Silver ETFs: Exchange-traded funds offer paper exposure to silver prices without the need for storage, though they may not perfectly track spot prices under conditions of extreme physical market stress.
Silver Mining Stocks: Shares in mining companies like First Majestic Silver (AG) — which reported Q1 2026 production of 3.5 million ounces of silver — provide leveraged exposure to silver prices, often amplifying both gains and losses relative to the underlying metal.
Tokenized Silver Perpetuals: As outlined above, crypto-native platforms now offer 24/7 exposure to silver price movements via perpetual swap contracts. These provide unmatched accessibility and trading hours but come with unique liquidity and pricing risks compared to traditional venues.
Financial advisors typically recommend limiting precious metals to 10–15% of a portfolio, with total commodity exposure capped at around 20%.

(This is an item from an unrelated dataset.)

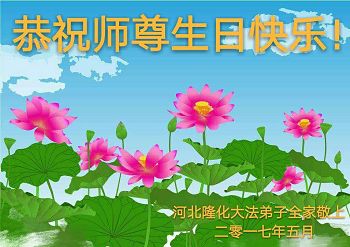【明慧网二零一七年五月十二日】 吉林省长春一老年大法弟子学法小组恭祝师尊生日快乐!

Summary: Silver Price Today — April 13, 2026
Metric | Value |
Silver Price Per Ounce (USD) | $74.96 |
Silver Price Per Gram (USD) | $2.41 |
Silver Price Per Kilo (USD) | $2,410.18 |
Daily Change (oz) | -$1.23 |
Weekly Change | +4%+ |
Weekly Trend | 3rd Consecutive Weekly Gain |
2026 All-Time High | $121.67 (January 29, 2026) |
Year-End Forecast (models) | ~$104.41 |
The Silver price on April 13, 2026, of $74.96 per ounce reflects a market navigating extraordinary complexity — a fragile Middle East ceasefire, the highest CPI inflation since mid-2024, shifting Fed rate-cut expectations, persistent physical supply deficits, and a structural boom in tokenized derivatives. For natural resource investors, these dynamics underscore silver’s enduring relevance as both an industrial commodity and a monetary metal.